ProcessedFile is the central lifecycle entity responsible for tracking the complete state evolution of LASCO image files throughout the pipeline.

It models:

  • raw file discovery
  • downloading
  • processing readiness
  • image processing execution
  • retry handling
  • terminal completion states

Responsibilities

The entity maintains lifecycle consistency for:

  • raw FITS files
  • processed image outputs
  • retry attempts
  • processing timestamps
  • failure recovery
  • predecessor relationships (C3 running difference)

Lifecycle Diagram

Processed File Lifecycle


Core Guarantees

Immutable Transitions

All lifecycle transitions return a new immutable entity instance.

This prevents accidental mutation and ensures predictable state evolution.

Retry-Safe Processing

The entity explicitly tracks:

  • download retry count
  • processing retry count
  • last retry timestamps

This allows recovery-oriented workflows without duplicating work.

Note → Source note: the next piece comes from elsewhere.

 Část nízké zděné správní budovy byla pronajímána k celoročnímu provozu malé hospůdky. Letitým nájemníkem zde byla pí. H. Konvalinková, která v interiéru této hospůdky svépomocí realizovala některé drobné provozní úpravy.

Terminal State Enforcement

Terminal states prevent further transitions once processing is complete or permanently abandoned.

Terminal states include:

  • PROCESSED
  • SKIPPED
  • IGNORE
  • ABANDONED

State Categories

Category States
Discovery DISCOVERED
Downloading DOWNLOADING, DOWNLOADED, DOWNLOADING_FAILED
Processing Preparation READY
Processing PROCESSING, PROCESSED, PROCESSING_FAILED
Terminal SKIPPED, IGNORE, ABANDONED

C3 Processing Relationship

For LASCO C3 processing, the entity also stores:

  • previous_file_name

This enables running-difference processing between sequential observations.


Design Notes

The lifecycle model is intentionally deterministic and state-driven.

The processing pipeline never infers workflow state from filesystem conditions alone — all orchestration decisions are derived from persisted lifecycle state.

This provides:

  • resumability
  • idempotent execution
  • crash recovery
  • workflow observability

API Reference

backend.database.domain.processed_file.ProcessedFile dataclass

Domain entity representing the processing state of a raw image file.

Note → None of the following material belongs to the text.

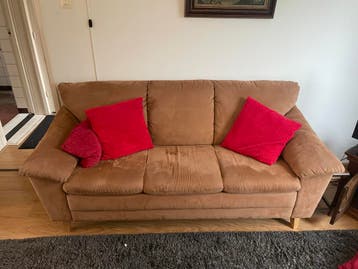 Een bruine driezitsbank met stoffen bekleding. De bank heeft drie zitkussens en twee armleuningen. De bank staat op houten pootjes.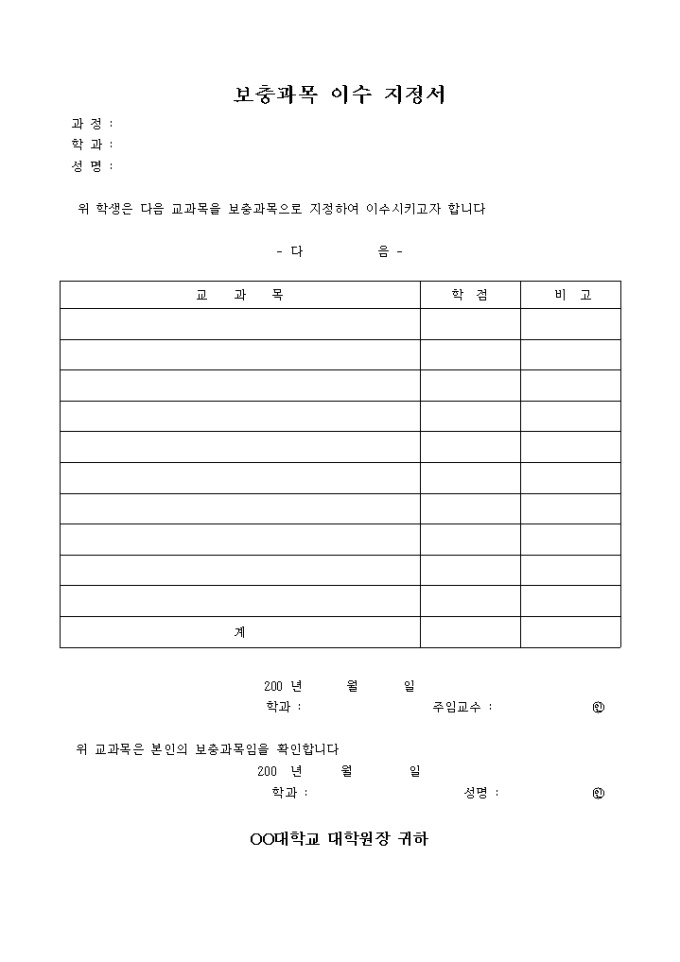 보충과목 이수 지정서

Tracks the transformation of a raw file into its processed output, including hash integrity, storage paths, retry attempts, and lifecycle status within the pipeline.

Attributes:

Name Type Description
raw_file_name str

Original raw file name - primary key.

raw_file_hash Optional[str]

Content hash of the original raw file.

raw_file_path Optional[Path]

Storage path of the raw file.

raw_file_size Optional[int]

Size of the raw file in bytes.

processed_file_name Optional[str]

Processed file name.

processed_file_hash Optional[str]

Content hash of the processed file.

processed_file_path Optional[Path]

Storage path of the processed file.

processed_file_size Optional[int]

Size of the processed file in bytes.

datetime_of_observation datetime

date time of observation

instrument Instrument

Instrument used for obesrvation

status FileStatus

Current processing lifecycle state.

error_message Optional[str]

Error details if processing failed.

downloaded_at Optional[datetime]

UTC timestamp when file downloaded.

last_downloading_attempt_at Optional[datetime]

UTC timestamp of the most recent downloading attempt.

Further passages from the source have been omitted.